• _Work item_
Text in the records must be reproduced exactly, and pictures must be skipped.

Extracted information below:

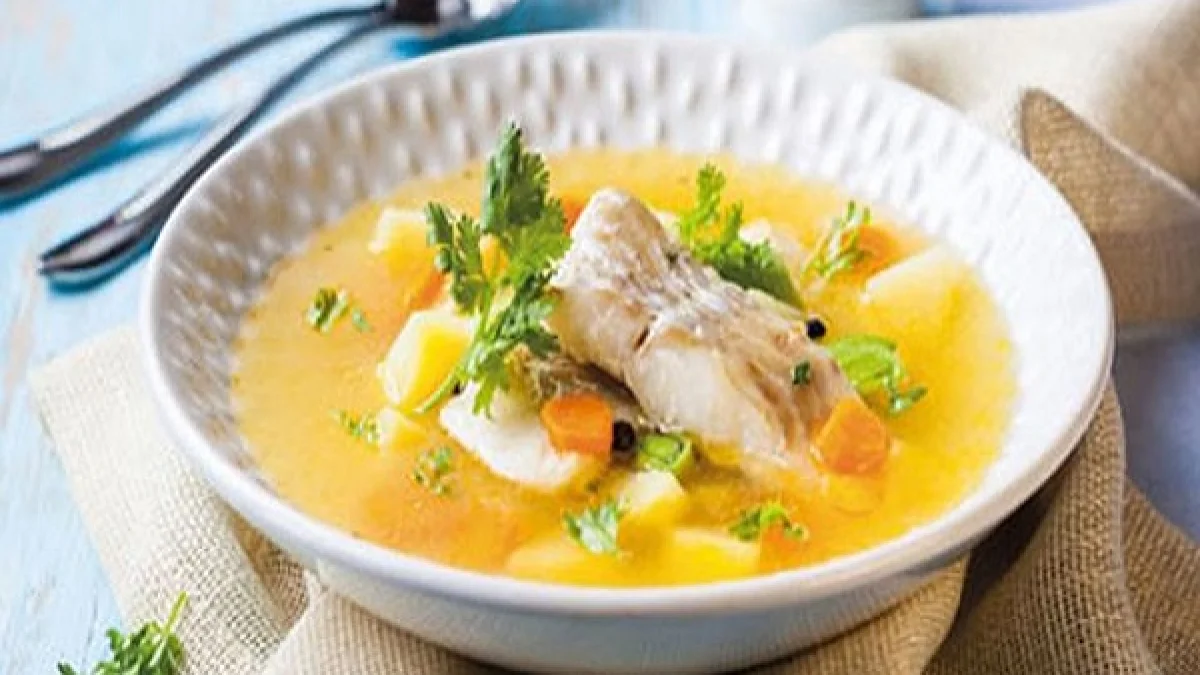 Στο μεταξύ λιώνετε με ένα πιρούνι ή στο μούλτι μερικά από τα λαχανικά και λίγο από το ψάρι και τα προσθέτετε στη σούπα για να χυλώσει.
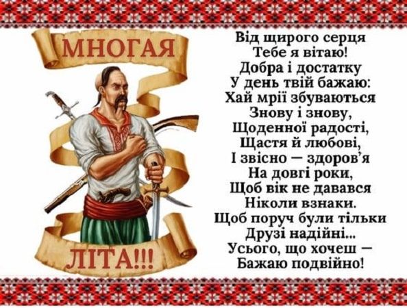 Вітаю з Днем народження! Нехай оточують тільки справжні друзі і однодумці, а всі починання увінчуються виключно успіхом! Бажаю невичерпних моральних і фізичних сил!
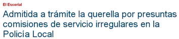 | 26/07/2013 | Admitida a trámite querella en El Escorial por cobrar complementos que no se realizan | ||||||||||
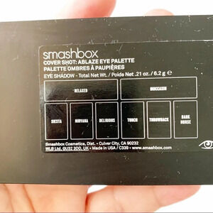 Smashbox eyeshadow palette in Ablaze. Colors include relaxed, siesta, moccasin, and dark horse. Never used. Holographic case.
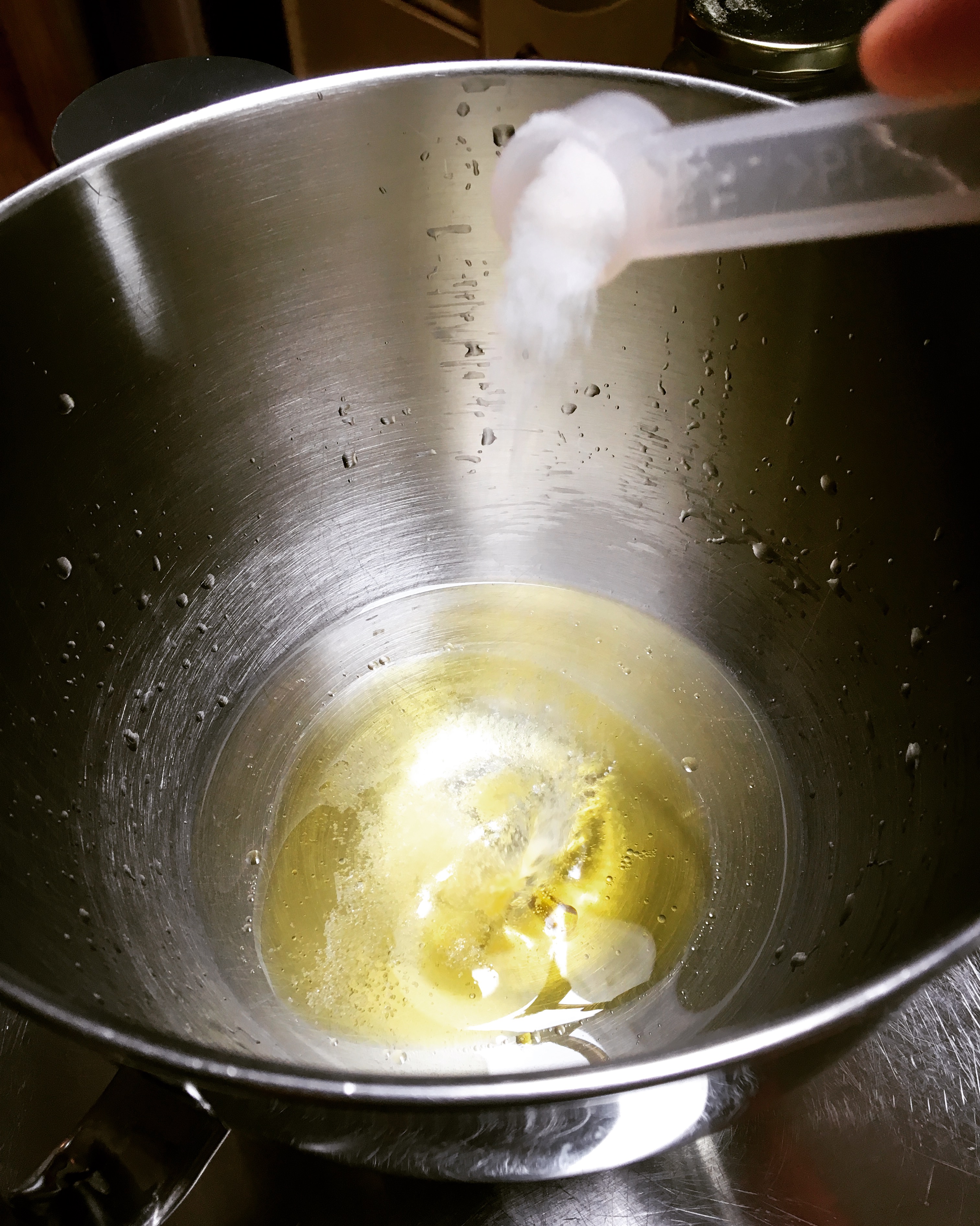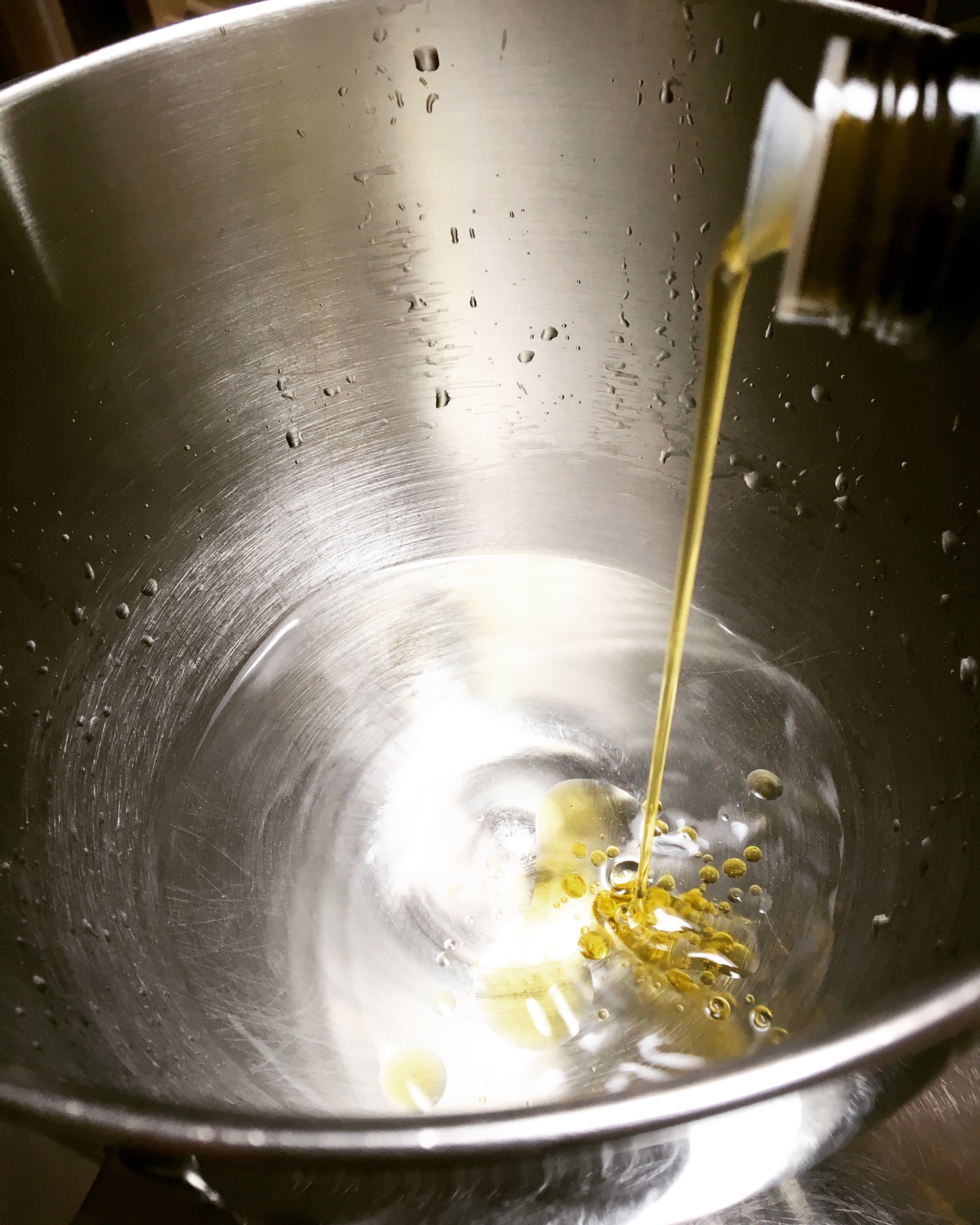 Add the water to your mixer bowl. (You can also mix by hand if you don’t have a mixer) Add the salt, olive oil and the honey and gently stir until the honey is dissolved.

End of Extracted information.

• _Task solution_
 Στο μεταξύ λιώνετε με ένα πιρούνι ή στο μούλτι μερικά από τα λαχανικά και λίγο από το ψάρι και τα προσθέτετε στη σούπα για να χυλώσει.
 Вітаю з Днем народження! Нехай оточують тільки справжні друзі і однодумці, а всі починання увінчуються виключно успіхом! Бажаю невичерпних моральних і фізичних сил!
 | 26/07/2013 | Admitida a trámite querella en El Escorial por cobrar complementos que no se realizan | ||||||||||
 Smashbox eyeshadow palette in Ablaze. Colors include relaxed, siesta, moccasin, and dark horse. Never used. Holographic case.
 Add the water to your mixer bowl. (You can also mix by hand if you don’t have a mixer) Add the salt, olive oil and the honey and gently stir until the honey is dissolved.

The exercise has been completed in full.